Хотя и отлично знаю, что твои губы горячее солнца.
Ночью, чтобы никто не видел,
я распилил Землю по Гринвичскому меридиану
и растащил половинки поодаль.
«Это будут глаза».
Хотя даже космонавту,
вернувшемуся из-за тридевяти галактик,
Земля не скажет больше, чем говорят твои глаза мне.
Затем я разломал астероидное кольцо и
поместил два обломка там,
где должны быть брови,
и космос густо размазал вокруг наподобие
твоих чёрных с серебринкой волос,
а сбоку прицепил комету Галлея вместо заколки.
А потом я привёл тебя и показал твой портрет.
«Ничего, — улыбнулась ты, — но, конечно,
если взять в рамочку. У меня над столом
как раз
есть свободное место».
1983
Моя родословная
Я родился в селе под названьем Село
и в речке по имени Речка купался и в лес,
прозванный Лесом, ходил по грибы.
Мама моя
для соседок всегда была
просто соседкою Мамой.
Я Школу окончил (единственную в селе)
и в город поехал, который
на всех картах мира уж тысячу лет
гордым словом Город обозначался,
и там
поступил в институт,
который студенты всех поколений на жаргоне своем
обзывали всегда Институтом.
Женился. Жену мою звали Женой,
и дочку свою мы Дочкою окрестили. Нередко
после Работы
(а ВУЗ я кончал по специальности «просто работа»)

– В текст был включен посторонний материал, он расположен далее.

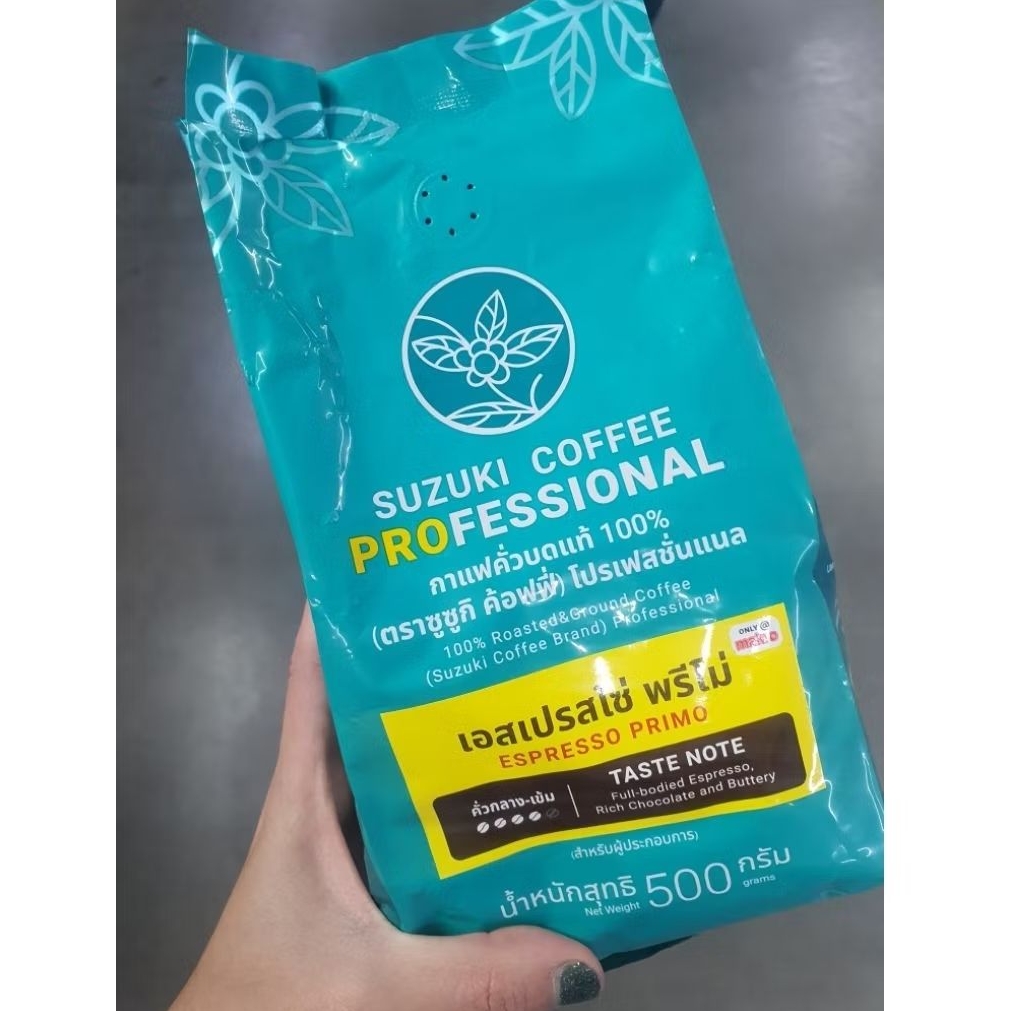 ซูซูกิ เอสเพรสโซ่พรีโม่ 500 ก. เมล็ดกาแฟคั่วกลาง-เข้ม ชนิดบดและชนิดเม็ด

за Стол типа «стол» я садился и силился думать, но часто
от усталости засыпал.
А думал я глупости, в общем, что
Земля, например, состоит из земли, а Солнце
является солнцем планетной системы.
Что Галактика – это галактика,
а вселенная – только лишь часть Вселенной.
Однажды ко мне пришёл Друг и,
бухнувшись в Кресло, сказал,
протирая Очки Манжетой Рубашки,
что Война,
может, будет, а, может, и нет.
В ту ночь мне приснилось, что
СРАЗУ ЖЕ, КАК ПО РАДИО ОБЪЯВИЛИ,
ноги мои
несли меня к Призывному Пункту
(так гласили белые буквы по кумачу),
и вскоре Военный
(но что интересно, по званию он был военный
и по фамилии — гы! — Военный тоже)
у меня потребовал Имя.
– Имя, – ответил я просто. – В переводе значит «имею».
– Отчество? – продолжал Военный.
И я стал объяснять:
— Я родился в обычном русском селе с негромким названьем
Село
и в чистой прозрачной речке с красивым именем Речка
купался…
1984
***
Однажды в детстве
я дёрнул родителя за штаны
и спросил, что такое грамм.
Он отломил кусочек чёрного хлеба
и показал: вот примерно.
А затем аккуратно положил его в рот.
С тех пор
даже в задачках по химии
вместо 30 граммов аммиака
я представлял себе 30 кусочков хлеба.
А на физике
мог запросто пересчитать на такие кусочки
массу Земли или Солнца.
И потом,
повзрослев,
при всём своём скоморошестве,
никогда не улыбался
на громкий плакат в столовой:
«Хлеб — мера всех вещей».
1984
***
Мать встанет. «Ох, ты мнеченьки, —
вздохнёт над нами, — спим?»
И сны её, как ленточки,
в печной вплетутся дым.
Весь день в заботах маетных,
а солнце — Эй, постой! —
промчалось, будто маятник
качнулся золотой.
В избе часы настенные
стучат который год;
их, как саму вселенную,
мать на ночь заведёт.
Поставит время верное,
верней, чем под сургуч,
и за божницу древнюю
зачем-то спрячет ключ.
1984
***
Ты полюбишь ту землю, на которой полюбишь впервые,
где впервые и ревность окажется в радость,
где вокруг горизонты, как стёкла стоят ветровые,
защищая от бурь и невзгод и от всех неурядиц.
Здесь бы жить бы да жить,
все прошедшие годы позвать бы,
дорожить, как наградой, любою душевною раной,
но по долгу приличия, как после похорон свадьба,
тут влюбиться по-новой
до смерти
всё кажется
рано.
1984
***
Сосны да кустарники,
тропки, деревеньки —
вдоль по речке Тáрноге,
по реке Кокшéньге.
Где бродил не пойманный
Серый-конь, скиталец,
луговыми поймами —
всё подковы стариц.
Синь над беломошными
древними борами.
Лес стенами мощными,
а светло, как в храме.
Мёдом воздух балует,
в мире нет другого.
Деревушка малая —
свой особый говор.
Здесь поднявшись на ноги,
вдаль спешим к частенько,
только путь у Тарноги
навсегда в Кокшеньгу.
Сосны да кустарники,
тропки, деревеньки…
Только путь у Тарноги
навсегда в Кокшеньгу.
1984
Горе
Он не ползал — ходил, в руках две палки,
на коленях сноровисто, как на лыжах.
Из бороды его пыль тряслась, будто из старой пакли,
что воробьи натаскивают под крышу.
Гришка Юродивый. Пялились на него разини,
когда он стоял перед ними ростом не выше завалин.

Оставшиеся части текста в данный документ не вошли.